Затем смотрим каталог /mnt/dir33/lost+found 

Там будет виден корневой каталог, только вместо имен каталогов номера индексных дискрипторов.

Идентифицируем их по содержимому и даем имена.

Только файлов может оказаться заметно больше чем было.

--rebuild-tree восстановит все, что сможет найти. Обломки и обрывки файлов тоже будут встречаться

Удачи..  :Rolling Eyes: Last edited by sa10 on Tue Nov 01, 2005 11:37 am; edited 1 time in total

----------

## sa10

Сори!

Не прочитал пост EdiG, а там все уже было описано только по буржуйски

По сути я перевел этот текст не глядя в источник  :Wink: 

Удалять не буду, может кто ленится по буржуйски читать   :Laughing: 

----------

## fank

спасибо, ребята, за инфу

сообщаю результаты, как и обещал

значит, фс систему я восстановил, там тупо запускал --rebuild-sb, он написал, что не могу, посоветовал --rebuild-fs, что и прокатило

в результате chroot прошёл успешно, всё вроде на месте, сильно не смотрел, ибо не было времени

НО !!!!

загрузчик я восстановил по теории, на практике lilo выдаёт только первую букву, что означает, по мануалу, факт незапуска вторичного загрузчика

далее, ID раздела был фатовский, но fdisk ещё никто не отменял, и это дело я поправил на 83

теперь такая ситуация:

если я НЕ указываю при монтировании тип фс, то раздел монтируется как vfat, ессно на нём ничего нет

если указываю reiser4, то он прекрасно монтируется, но лило как не работал так и не работает при загрузке, хотя в chroot'e бодро пишет свои дела в mbr или куда там он должен писать, я, радостный, выхожу из chroot и перегружаюсь....   буква L меня приветствует и всё

есть значит grub пропатченный на Conrad LiveCD, с корого я и восстановил всё

я в нём не спец, но по аналогии написал параметры для загрузки, так вот и он выдал ошибку 17, мол, не могу примонтировать партицию

видимо, от фата осталась сигнатура на моём корне, которая райзеру не мешает сильно, а вот загрузчикам препятствует

кто подкинет идею, буду очень благодарен

и ещё, подскажите, как мне примонтировать grub'ом как спецы если мой корень на /dev/sda2 и ядро, скажем kernel-2.6.13-mm3

я писал вроде так

rootnoverify (hd0,1) ----> иначе он ругался на что-то, ошибку не запомнил

здесь не помню как но указал своё ядро и корень системы

boot

----------

## lefsha

Если ты смог восстановить файлы, то в чем проблема?

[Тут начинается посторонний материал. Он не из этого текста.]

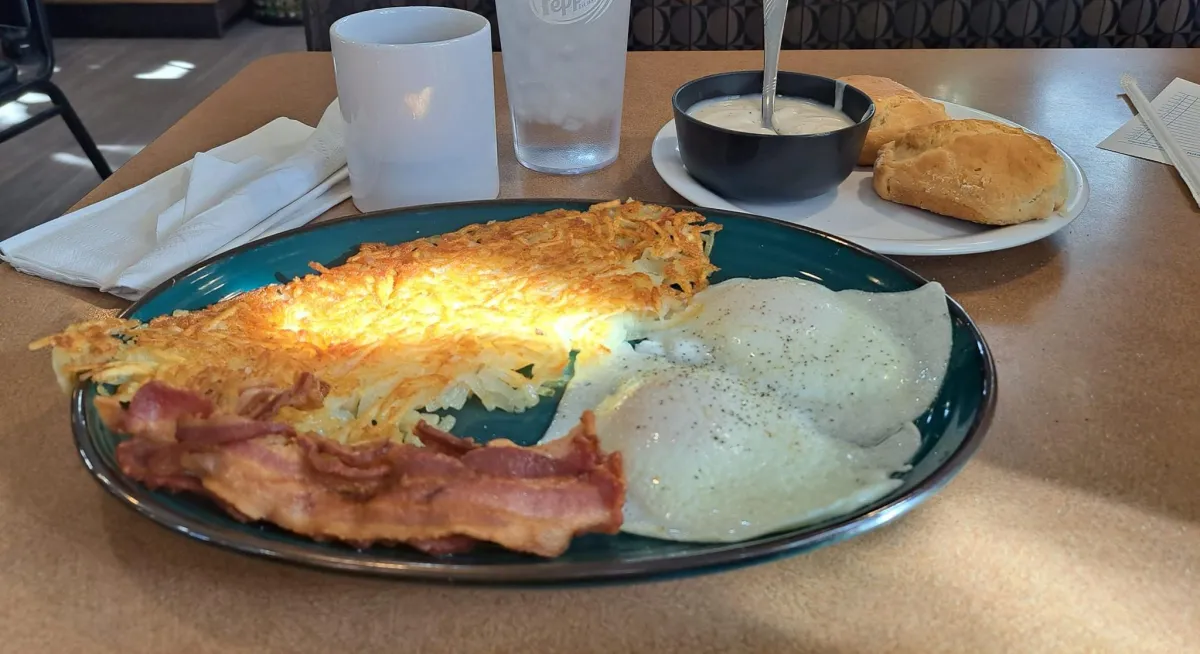 Country ham and two eggs served with hash browns or grits and biscuits & gravy or toast
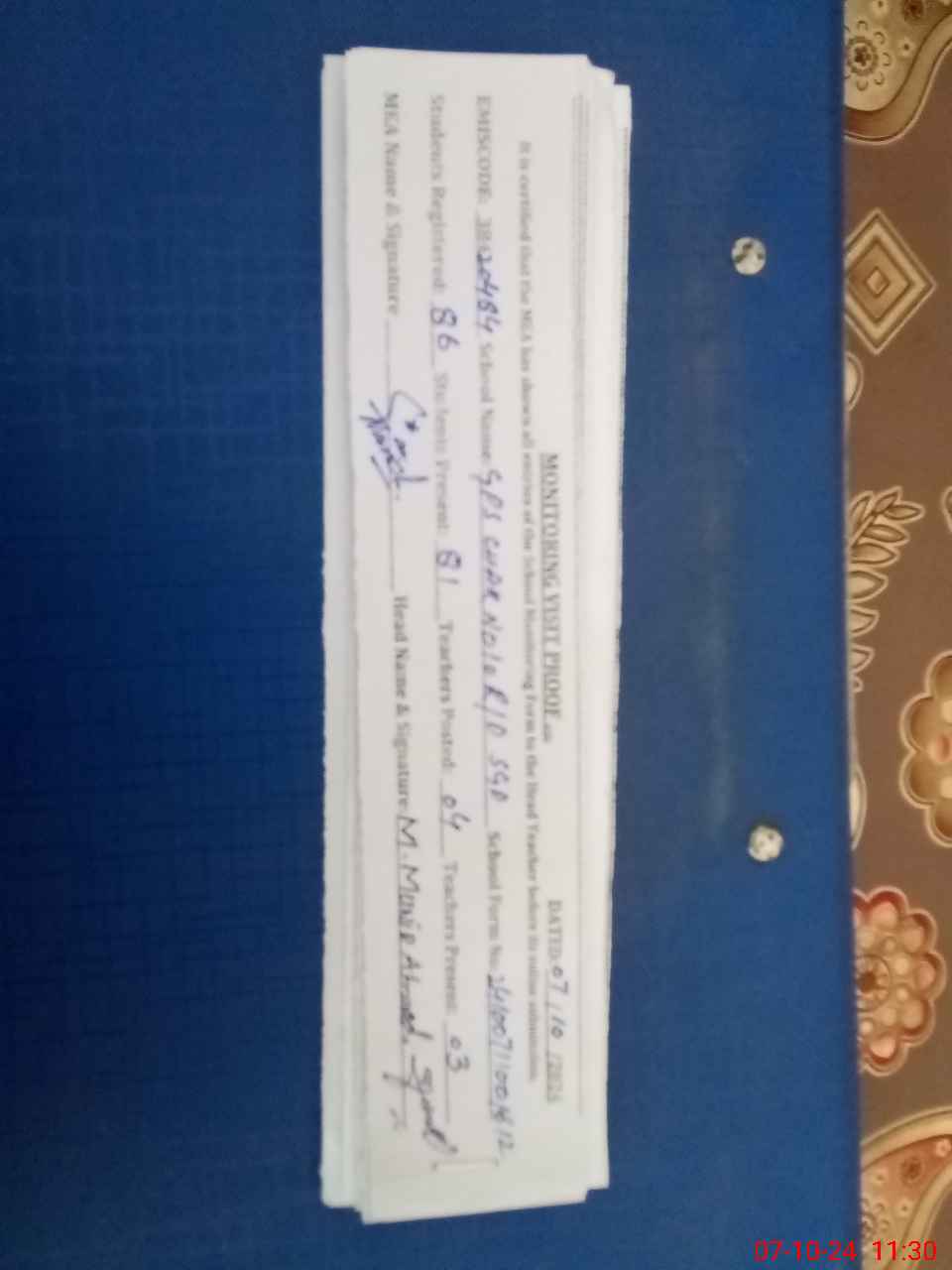 | Name: MU**** MU**** Designation: (School Headmaster's/Headmistress's) PTC Phone/Cell Number: 03**** 60**** |

Сохрани их в другом месте и переставь систему,

потом скопируй обратно свои данные.

Явно у тебя машина на такой файловой системе нормально

работать не будет и ты потратишь кучу усилий восстанавливая

ее полностью. Вернул файлы и ладно.

----------

## fank

видимо, так и сделаю

создам раздел, копирну на него файлики и emerge -e system (world) меня спасёт окончательно

----------

## fank

вобщем, систему я восстановил, за исключением отсутствия нескольких мелких файлов, всё на месте

кроме загрузчика

та же ситуёвина, за исключением такого факта

поставил я давеча систему на загрузку штатным лило

как и раньше, появляется первая буква л, так вот, по прошествии некоторого времени, примено минуты-двух, появляются следующие 2 буквы, затем опять тормоз и вываливается моя менюха, из которой уже можно выбрать варианты загрузки

после выбора ядра оно появляется напротив надписи loading и процесс опять замирает, теперь уже минут на 7-10, после чего система нормально грузится

лило я уже пересобрал, несколько раз прописал загрузчик одноимённой командой - без изменений

как быть?

есть мысли?

----------

## KUV

А после загрузки больше не тормозит? Попробуй его чем-нить загрузить (проц и винт) и посмотреть будет ли нормально пахать. Может в железе буга...

----------

## fank

нет, работает всё прекрасно, исключая пару глюков из-за отсутствия побитых файлов

тормоз только при загрузке lilo

самое интересное, что винда распознаёт раздел как фатовский, но неотформатированный и бодро предлагает это сделать, зараза

----------

## viy

Если винда думает, что у тебя жир32, то попробуй fdisk-ом сменить тип партиции.

----------

## fank

в смысле, ID?

было сделано давно...

кстати, один раз он почему-то изменился обратно на какое-то невразумительное значение (не помню, какое), и был выставлен вторично на 83

дело, видимо, не в этом, впрочем, проверю ещё раз сегодня, не улетел ли он опять в неизвестные дали

----------